Between 1969 and 1987, Auburn made additions to Jordan-Hare Stadium until it seated 85,214 for the 1987 season, almost 10,000 more than 75,808-seat Legion Field. (Alabama's Bryant-Denny Stadium then seated a little over 60,000, but expanded to 70,123 in 1988.) By the late 1970s, Auburn fans began feeling chagrin at playing all Iron Bowl games at Legion Field. Despite the equal allotment of tickets, Auburn fans insisted that Legion Field was not a neutral site. While Auburn played many of their most important rivalry games in Birmingham for most of the 20th century (among those were Georgia Tech and Tennessee), Legion Field had long been associated with Alabama football in Auburn's eyes. Well into the 1980s, Alabama played most of its important games in Birmingham, to the point that most of Alabama's "home" football history from the 1920s to the 1980s actually took place at Legion Field.

Mainly for business reasons, Auburn began lobbying to make the Iron Bowl a "home-and-home" series. However, Alabama head coach and athletic director Bear Bryant would not even consider moving the Iron Bowl out of Birmingham, let alone play in Auburn.
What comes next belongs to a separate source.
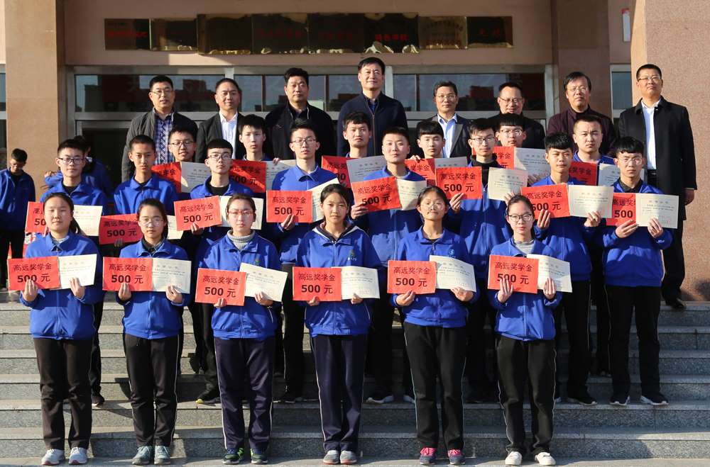 寿光中学“高远”奖学金是我校87级校友董黎明先生及夫人吴春慧女士出资设立的,为了激励寿光中学学子志存高远,刻苦学习,自觉养成良好的学习习惯,争创一流成绩,奖励学习成绩特别优秀的同学。根据上学期同学们的学业成绩,有20名同学荣获寿光中学第九届“高远奖”学金。董黎明先生在证书上书写赠言“志存高远,学不畏难,完美生命”,对同学们进行鼓励。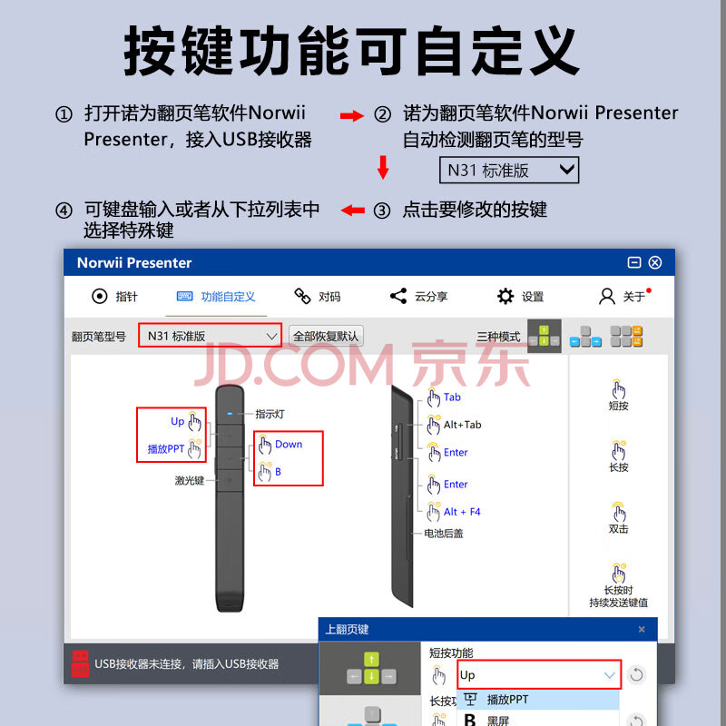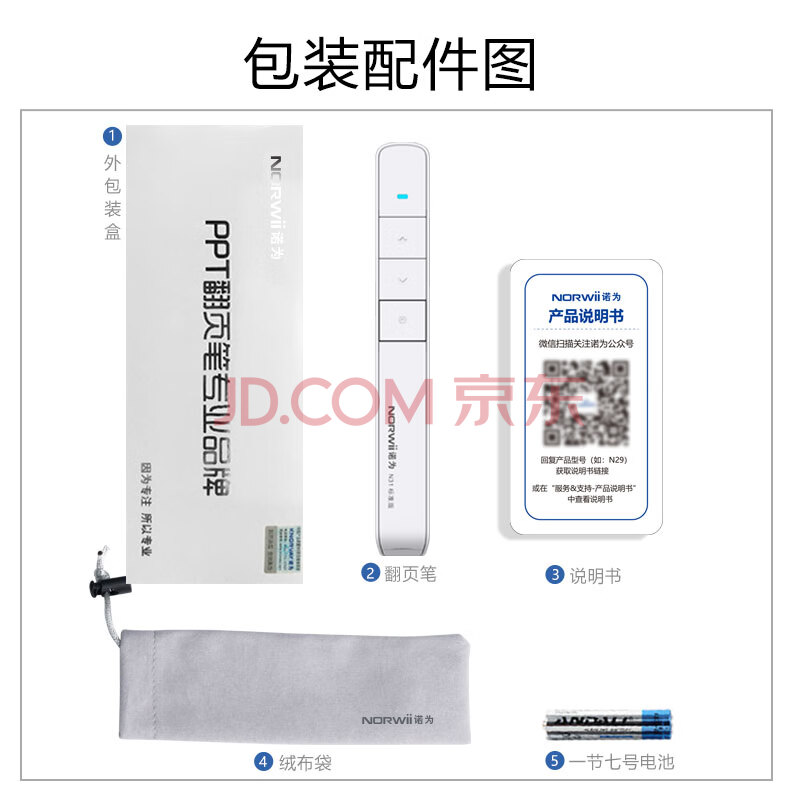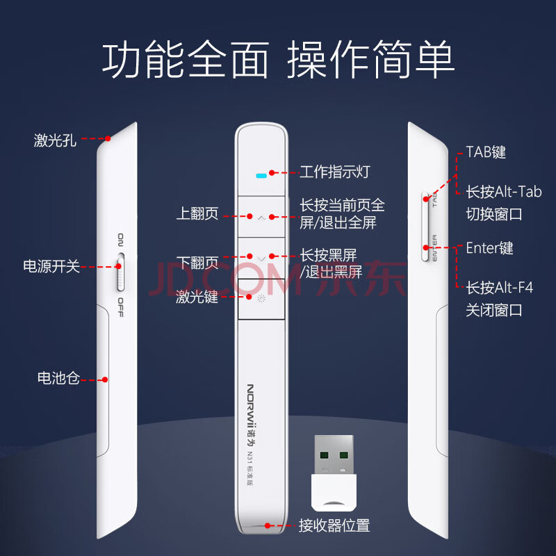 商品相册:诺为 PPT遥控笔 100米遥控翻页笔教师用 激光笔翻页器 投影笔 无线演示器 激光笔 N31 标准版 白色第

When Pat Dye became Auburn's head football coach and athletics director in 1981, he met with his longtime mentor, Bryant. Years later, Dye recalled that at that meeting, "the first thing he said to me, very first thing, he said, 'Well, I guess you're going to want to take that game to Auburn.'" Dye confirmed that hunch, saying, "We're going to take it to Auburn." When Bryant noted that the schools' contract with Legion Field ran through 1988, Dye replied, "Well, we'll play 89 in Auburn." Although Auburn would have possibly been within its rights to move its home games to the Plains as early as 1983, Dye knew that Bryant was adamantly opposed to playing any games there. He knew Bryant's standing in the state was such that it would be folly to attempt making the Iron Bowl a home-and-home series as long as Bryant was still alive.

In the late 80s, after years of negotiations, the schools agreed that Auburn could play their home games for the Iron Bowl at Jordan-Hare starting in 1989 (with the exception of 1991) and Alabama would continue to play its "home" games at Legion Field. On December 2, 1989, Alabama came to "the Plains" for the first time ever as a sellout crowd witnessed Auburn win its first true "home" game of the series, 30–20 over an Alabama team that entered the game undefeated and ranked No. 2 in the country.

Alabama continued to hold its home games for the rivalry at Legion Field. Between 1987 and 1998, Alabama expanded Bryant–Denny Stadium to a capacity of 83,818, narrowly eclipsing Legion Field. Alabama then began moving most of its more important home games to Tuscaloosa, and finally their Iron Bowl home games to Bryant–Denny Stadium in 2000. That year, Auburn came to Tuscaloosa for the first time since 1901 and won in a defensive struggle, 9–0. A new attendance record for the Iron Bowl was set in 2006 as the latest expansion to Bryant–Denny Stadium increased its capacity to 92,138. The record was reset again in 2010, after another expansion to Alabama's Bryant–Denny Stadium, when a crowd of 101,821 witnessed a 28–27 Auburn victory.

In 2007, Alabama hired Nick Saban as head coach following his departure from the Miami Dolphins in the NFL.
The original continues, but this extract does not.